Chloe
I was running. I have no idea why.
I peered behind me, and no one seemed to be chasing me, but I knew I needed to keep running.
My heart was racing and sweat was starting to pool around my neckline, even though the cold was so intense, it was biting my face.
The streets seemed way too empty for a Saturday evening, and since there was no one to show me reason, I kept running.
As I rounded the corner, I tripped over something and fell flat on my face. Blood seeped out of a smarting cut on my forehead as I tried to get up. I whimpered.
My stomach dropped as I turned to see what had caused the trip.
There was a person lying in the street. My first instinct was to let out a scream, but for some reason, I couldn't. I crawled over on my hands and knees and peered at the face. It took a while for my vision to clear and for the face to come into full view.
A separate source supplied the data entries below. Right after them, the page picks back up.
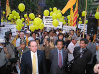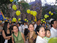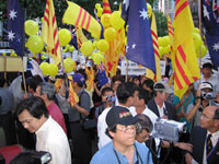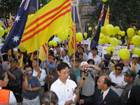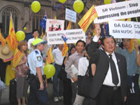 Điểm rơ nét đầu tiên của chúng tôi là cuộc biểu t́nh đă diễn ra trong khí thế sôi sục suốt hơn 4 giờ dù vẫn giữ được thái độ ôn ḥa và tôn trọng luật pháp. Nhiều người đi xem DDVN, cả Úc lẫn Việt, được trao những tài liệu và bằng chứng tố cáo tội ác của chế độ CSVN trong 60 năm cầm quyền. Không một sự kiện đáng tiếc nào đă xảy ra và một số người - có thể v́ cảm thấy không thoải mái hoặc đă nh́n rơ ư đồ tuyên truyền của Hà Nội - đă xé vé ra về trong tiếng vỗ tay hoan hô của đoàn biểu t́nh. Điểm đáng ghi nhận khác: trong khi những người đến xem hát (đại đa số là du sinh từ Việt Nam được Ṭa đại sứ CSVN lên danh sách và phát vé miễn phí) cúi đầu xếp hàng trong thái độ miễn cưỡng trong ṿng bảo vệ của cảnh sát, đoàn biểu t́nh đă nhiệt thành mời họ hăy can đảm xin tỵ nạn ở Úc để được sống trong nhân phẩm và tự do đích thực. Trong rừng cờ Úc - Việt và những chiếc bong bóng vàng in ba sọc đỏ với những khẩu hiệu đấu tranh cho dân chủ và nhân quyền, những bản hùng ca và t́nh tự quê hương đă được phát thanh liên tục vang dậy góc phố tấp nập nhất của Sydney, tạo sự chú ư cho hàng chục ngàn người Úc dạo phố đêm. Trên các bậc thang có trải thảm đỏ dẫn đến lối vào hội trường cách xa khoảng 10 mét từ đoàn biểu t́nh, những khuôn mặt đăm đăm tức giận của các cán bộ CSVN càng làm tăng thêm sự thất bại thăm hại của buổi diễn.
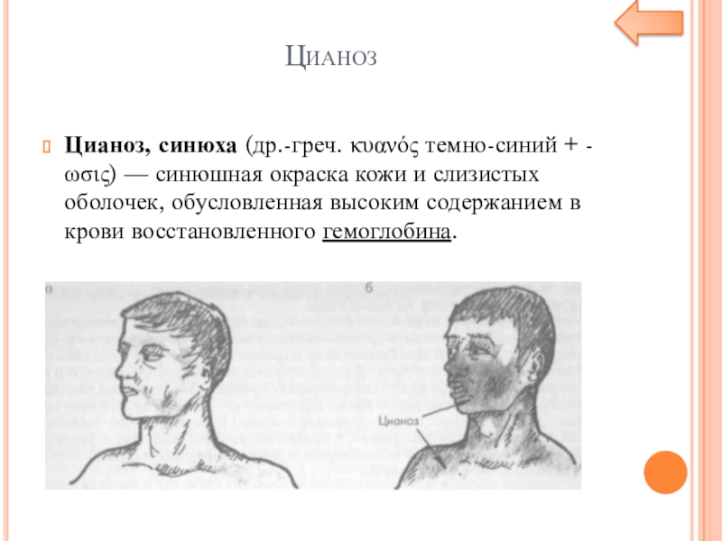 Цианоз, синюха (др.-греч. κυανός темно-синий + -ωσις) — синюшная окраска кожи и слизистых оболочек, обусловленная высоким
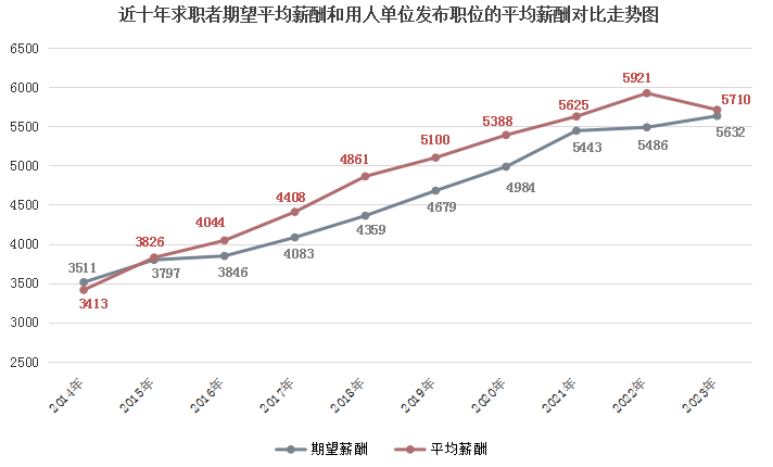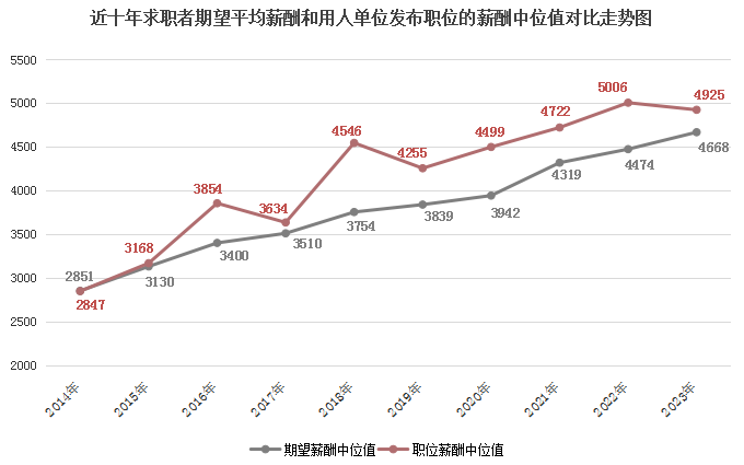 近十年求职者期望薪酬和用人单位发布职位薪酬中位值对比走势图如下:
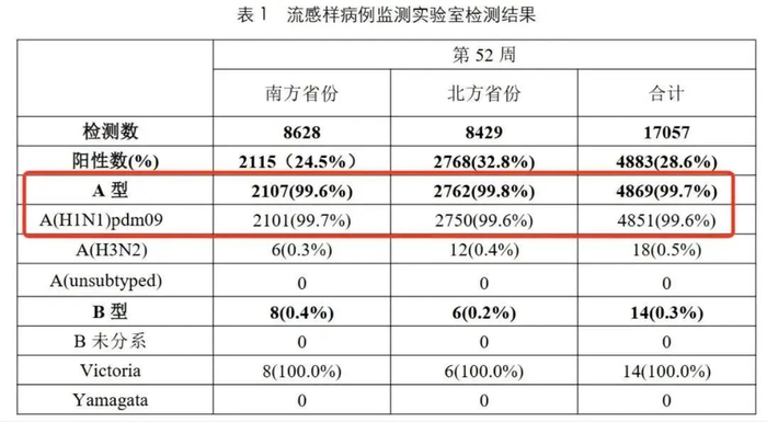 可见,无论是门急诊病例还是住院严重病例中,流感都是最主要的病原体之一。此外,流感病毒阳性率正快速上升,其中99%以上为甲流,流行株以A(H1N1)pdm09亚型为主。
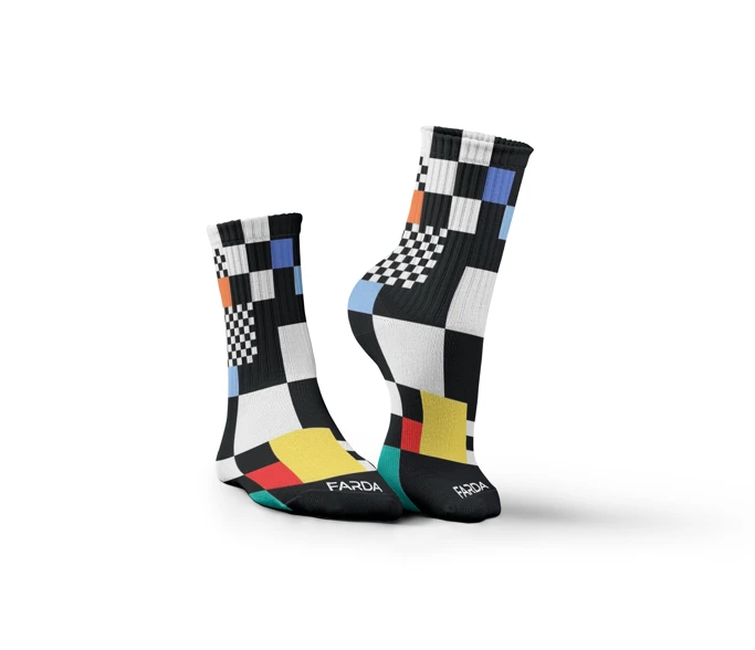 جوارب موندريان مستوحاة من الفن التجريدي الكلاسيكي بخطوط هندسية دقيقة وألوان أساسية جريئة، تجمع بين الأبيض والأسود بلمسات من الأزرق، الأحمر، والأصفر في توازن يخطف النظر من أول خطوة تصميمها يوصل إحساس الجرأة والرقي في آن واحد، لكل من يحب التفاصيل اللي تفرّق وتعبّر عن ذوق فني حقيقي
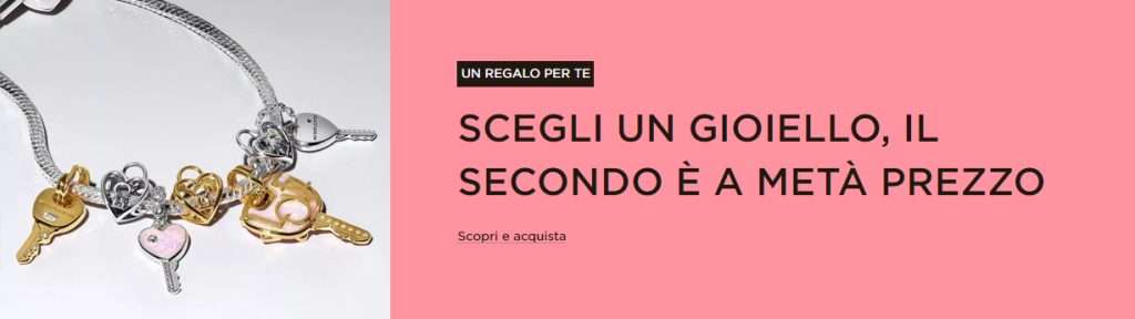 Grazie alla promozione Pandora ispirata a San Valentino, potrai ricevere uno sconto IMMEDIATO del 50% sul secondo gioiello acquistato. Come funziona? Basta aggiungere al carrello due gioielli inclusi nell’iniziativa (puoi visualizzare quelli aderenti a questo link) e il sistema applicherà automaticamente lo sconto. Il prodotto dal prezzo inferiore verrà scalato del 50% direttamente al checkout.
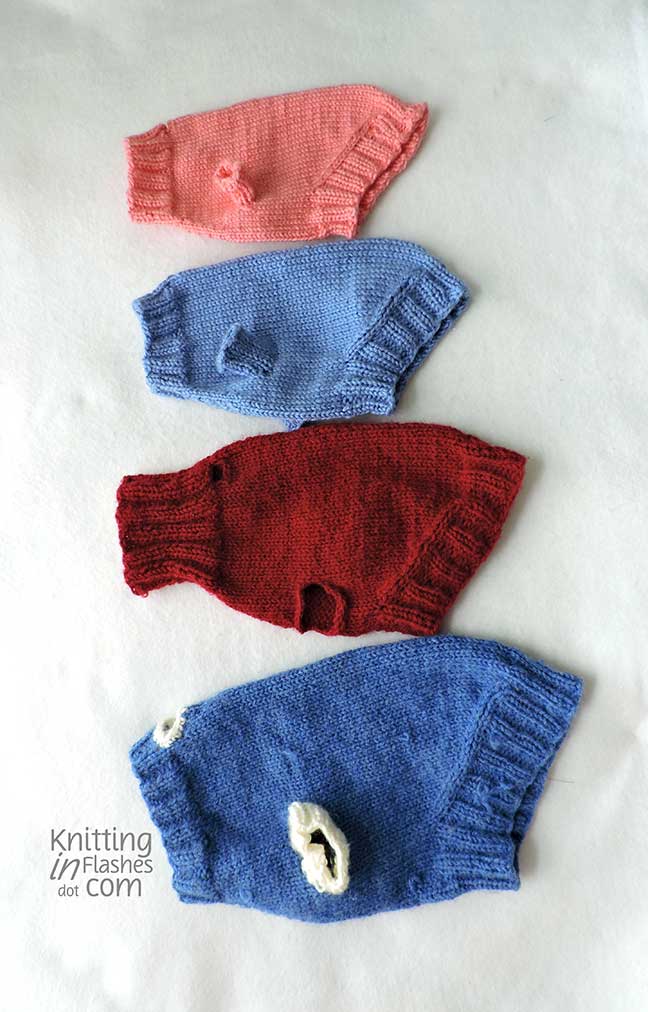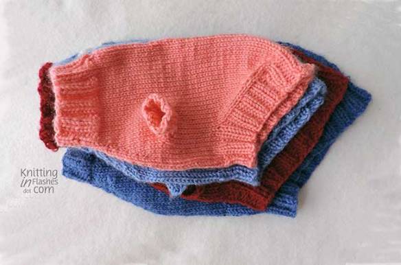 I used the same pattern and size (small) for the top three only changing the needle sizes to get the three sizes shown. For the pink a US #4 needle, the light blue a US #6, and the red a US #8, which is what the pattern called for. I added a hole between the ribbing and body of the sweater to allow for the leash to clip onto her collar and still keep her neck covered.
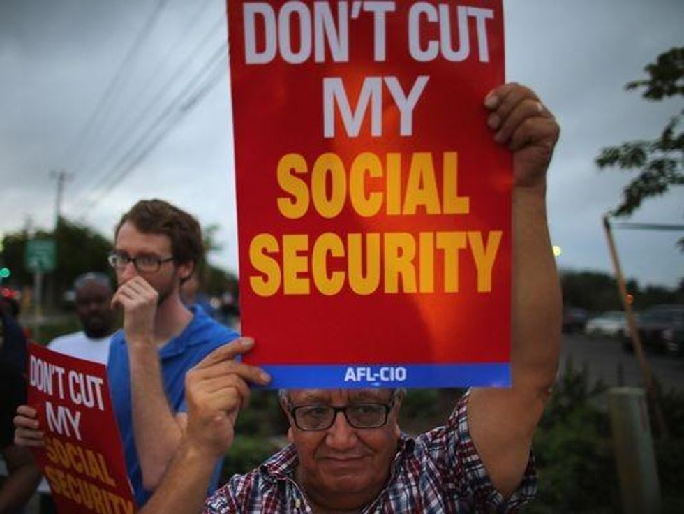Social Security's critics -- primarily corporate America and the politicians and "think" tanks it bankrolls -- argue that the US "can't afford" even the current Social Security program. As Peter Peterson, the dour Wall Street billionaire and founder of the Blackstone Group, likes to put it, the program, along with Medicare, is "bankrupting" the country, and unless "entitlements" are cut America will go bust. Some like to point to the 12.4% FICA payroll tax that workers and employers have to pay on a 50/50 basis to fund Social Security, and argue that it imposes an intolerable burden on American business and cannot be raised without further damaging the US economy.

Only then, did I find my scream. I let it out loud and clear into the dead of the night.
It was Sarah - and she was, as far as I could tell, dead. Her clothes were ripped and she was bleeding nearly everywhere.
I heard footsteps and looked up; there was a man - more like a shadow really - running away in the opposite direction.
I was torn between running after him and staying with Sarah.
Again, and I don't know why, I screamed. Loud and clear, into the dark, cold, empty night.
And it still wasn't loud enough.
That dream haunted me all day long. I was still thinking about it as I sat in the corner of a Starbucks, with my head buried in my history textbook.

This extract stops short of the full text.